Background
Robotic ultrasound can improve scan repeatability and standardization, but image quality still depends strongly on probe contact force, probe pose, and the local acoustic window. Fixed-path scanning with fixed force control may not handle insufficient contact, over-compression, probe misalignment, or local acoustic-window loss during scanning.
Therefore, this project aims to develop a real-time image-quality-guided closed-loop acquisition method for robotic musculoskeletal ultrasound. During scanning, the robot will use B-mode image quality feedback to adapt the contact force and probe pose, and perform local re-scanning when low-quality regions are detected.
Project Objectives
The objective of this project is to develop a real-time quality-aware robotic ultrasound acquisition system. The system should be able to detect image-quality degradation during scanning and perform corresponding recovery actions. Specifically, the project will focus on:
- Real-time image quality assessment: develop a method to evaluate B-mode ultrasound image quality during robotic scanning and detect low-quality frames.
- Quality-guided force and pose adaptation: design a recovery strategy that adjusts the probe contact force and performs small pitch/roll corrections when image quality decreases.
- Local re-scanning and validation: implement a quality-triggered local re-scanning mechanism and evaluate the system using phantom experiments, healthy-volunteer scans, and an existing segmentation network.
Methodology
The robot will follow a predefined musculoskeletal ultrasound scanning path while continuously acquiring B-mode ultrasound images, robot pose, and contact force information. For each frame, the system will compute an image quality score.
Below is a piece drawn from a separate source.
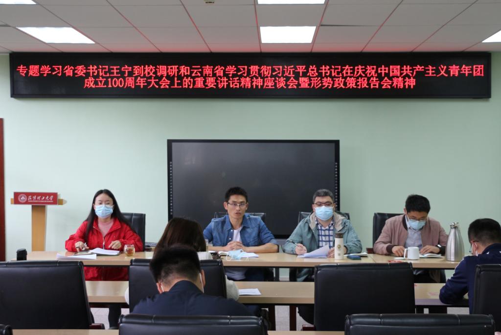 5月23日,校团委组织召开会议,专题学习省委书记王宁到校调研和云南省学习贯彻习近平总书记在庆祝中国共产主义青年团成立100周年大会上的重要讲话精神座谈会暨形势政策报告会精神,校团委全体工作人员参加。

A sliding window or exponential moving average will be used to smooth the quality score over time, reducing unnecessary triggers caused by single-frame speckle noise.
When image quality is normal, the robot continues along the original scan path. When continuous low-quality frames are detected, the system estimates the likely failure cause. If the degradation is caused by insufficient contact or poor acoustic coupling, the robot slightly increases the contact force. If over-compression is detected, the robot reduces the contact force. If the contact force is reasonable but the bone cortex or muscle boundary remains unclear, the system performs small pitch/roll adjustments or local lateral shifts. If image quality remains poor over consecutive frames, the robot backtracks by approximately 5–15 mm and re-scans the local region. Once image quality recovers, the robot resumes the original scan path.
Experimental Design
The experiments will include phantom validation and healthy-volunteer validation. Phantom experiments will be used to create controlled failure cases, such as weak contact, over-compression, probe tilt, and local acoustic-window loss. These experiments will evaluate whether the system can detect and recover from image-quality degradation in real time.
Healthy-volunteer experiments will be conducted with at least six healthy participants, mainly focusing on the forearm radius/ulna region. Each participant will undergo comparative scans under different acquisition strategies, including fixed-path scanning, force-only adaptation, force-and-pose adaptation, and the complete quality-aware local re-scanning method.
Main evaluation metrics will include mean image quality score, low-quality frame ratio, usable-frame ratio, recovery success rate, number of re-scanning triggers, additional scanning time, contact-force safety, bone cortex visibility, and muscle-boundary clarity.
Segmentation-Based Validation and Expected Outcomes
This project will use an existing musculoskeletal ultrasound segmentation network developed by PhD researchers as a downstream validation tool. The master’s student is not expected to develop a new segmentation model. Instead, the existing network will be used to evaluate whether images acquired under different scanning strategies are more suitable for automatic segmentation of the bone cortex, muscle boundary, or related anatomical structures.
The expected outcomes include a real-time closed-loop robotic musculoskeletal ultrasound acquisition prototype, phantom and healthy-volunteer experimental results, image-quality analysis, and downstream validation results based on the existing segmentation network.
The daily supervisor of this project will be Dezhi Sun.